InvestorsHub Logo

pba

Followers 51
Posts 16723
Boards Moderated 0
Alias Born 06/06/2009

pba

Re: None

Thursday, 02/11/2016 8:00:32 AM

Thursday, February 11, 2016 8:00:32 AM

Post# of 370613

TCA RESOLUTION STATUS / UPDATE - As disclosed recently, the attorneys for HHSE filed a motion to set-aside the TCA judgment against HHSE (and related parties), due to obvious errors and demonstrably false statements in their filing for a judgment - as well as the undisputed, mathematical evidence that HHSE has actually - significantly - overpaid TCA well past the amounts that TCA is legally allowed to collect (including maximum, legal default interest rates). As of Friday, Jan. 29, TCA's attorney's had not filed a response to the HHSE motion. While HHSE's attorneys are confident in the Company's position, until the default is formally "set-aside" or vacated, HHSE will still be encumbered from obtaining traditional corporate credit lines.

To be clear:

a). TCA has acknowledged in writing the receipt of all of the HHSE payments;

b). The amount of the acknowledged payments made by HHSE (or on HHSE's behalf) to TCA is $396,896.00;

c). The total amount of loan proceeds that HHSE received from TCA in May of 2013 was $245,000;

d). If HHSE decides to concede on the point that TCA is actually entitled to receive an additional $55,000 in "origination" fees and costs (and therefore, the "starting amount" for the calculation of interest would be $300,000 instead of $245,000) - then HHSE has STILL OVERPAID TCA by $28,439.65, which assumes 18% (maximum legal interest) as of January, 2014 (which conforms to the TCA Auditors letter received by HHSE).

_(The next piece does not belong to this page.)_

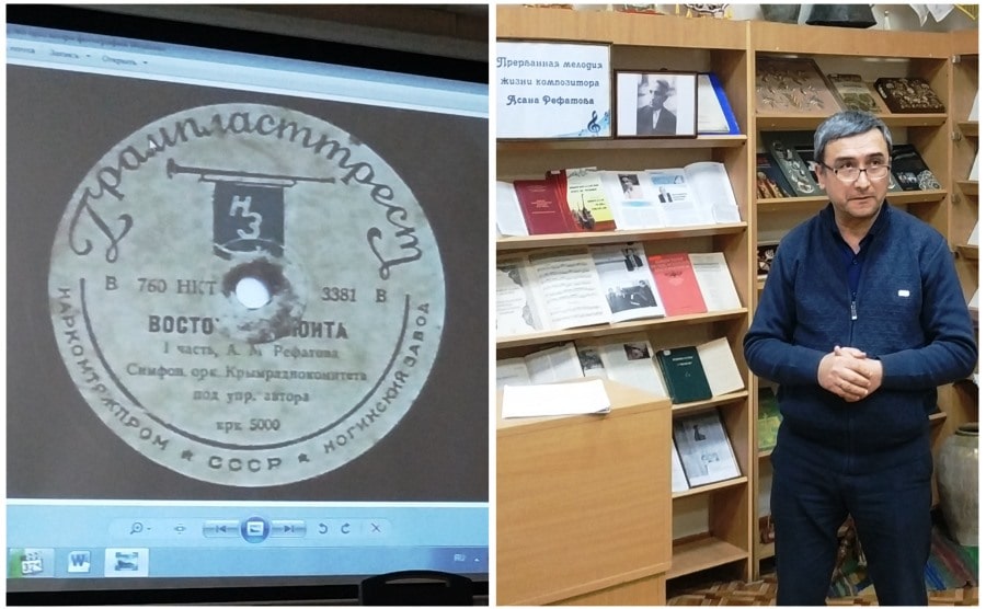 Музыковед, преподаватель Симферопольской детской школы искусств Линур Асанов рассказал о своей исследовательской работе по изучению творчества Асана Рефатова. Гости узнали о том, как в начале 2000-х годов была обнаружена грампластинка с произведением «Восточная сюита» и послушали его фрагмент. Запись была сделана в 1936 году симфоническим оркестром Крымского радиокомитета под управлением автора – Асана Рефатова.

e). If the court decides that TCA is entitled to receive an additional $100,000 as an "Investment Advisory Fee" for advisory services never performed - and that this terminology is not merely an attempt to circumvent the maximum legal usury rates - then HHSE has STILL overpaid TCA by virtue of issuing 10-mm shares in June (2013) which were valued at $123,000. However, HHSE Attorneys feel that the case law for inventing different "terms" for nonexistent services are "interest by another name" and will likely not be deemed enforcable (or payable).

f). HHSE has requested that TCA return the 10-mm shares that were issued in June (2013) as "collateral" or "payment" for the "Investment Advisory Fee" to TCA. However, TCA has not returned the shares, and had been previously attempting to force payment from HHSE in cash or this issue. HHSE believes that TCA is unable to return the shares because (at TCA's request), the stock certificate was issued to Caledonian Bank, Cayman Islands, and that subsequent to the S.E.C. filing enforcement actions against them, Caledonian Bank filed for bankruptcy. Therefore, it seems likely that the 10-mm HHSE share certificate is not accessible to TCA - which under law would constitute constructive payment for the "Investment Advisory Fee" disregarding whether or not TCA is legally entitled to charge fees to a loan for services never performed.

g). If the Court rules that TCA is NOT entitled to an additional $100,000 in interest (under the disguise of "Investment Advisory Fees"), then TCA will need to return the shares (likely NOT possible) or pay back to HHSE the value of the shares as of date of issuance. If the court rules against the validity of this "fee" then then entire amount will have been illegal "usurious" interest, which is subject to statutory 200% penalties. So HHSE would be entitled to get paid back DOUBLE the total amount of usurious interest paid.

h). TCA will likely adopt the position that they are entitled to receive the $100,000 for "Investment Advisory Fees" because Hannover House signed the document with this provision. They may also try to cite as "services" provided that they repeatedly demanded that HHSE dump low-priced shares to a specific "toxic debt conversion" company that met "TCA's approval," and that this demand (to pay them back through a horrible methodology) constituted "advice" to the Company. However, there is also an issue of fiduciary conflict if they are both the senior creditor AND separately being compensated for "Investment Advisory" services, especially if the advice is self-serving to the detriment of the Company. TCA will not want the court to rule that this fee is simply "interest by another name," but it's very difficult to envision any form of winning argument for TCA. The case law against predatory lenders has dealt with all of these "tricks" to try and circumvent the maximum legal interest rate laws.

i). ALL COLLECTION ENFORCEMENT ACTIONS and TCA attempts to execute on the Judgment in Arkansas have been HALTED, due to the preponderance of evidence that HHSE has overpaid TCA.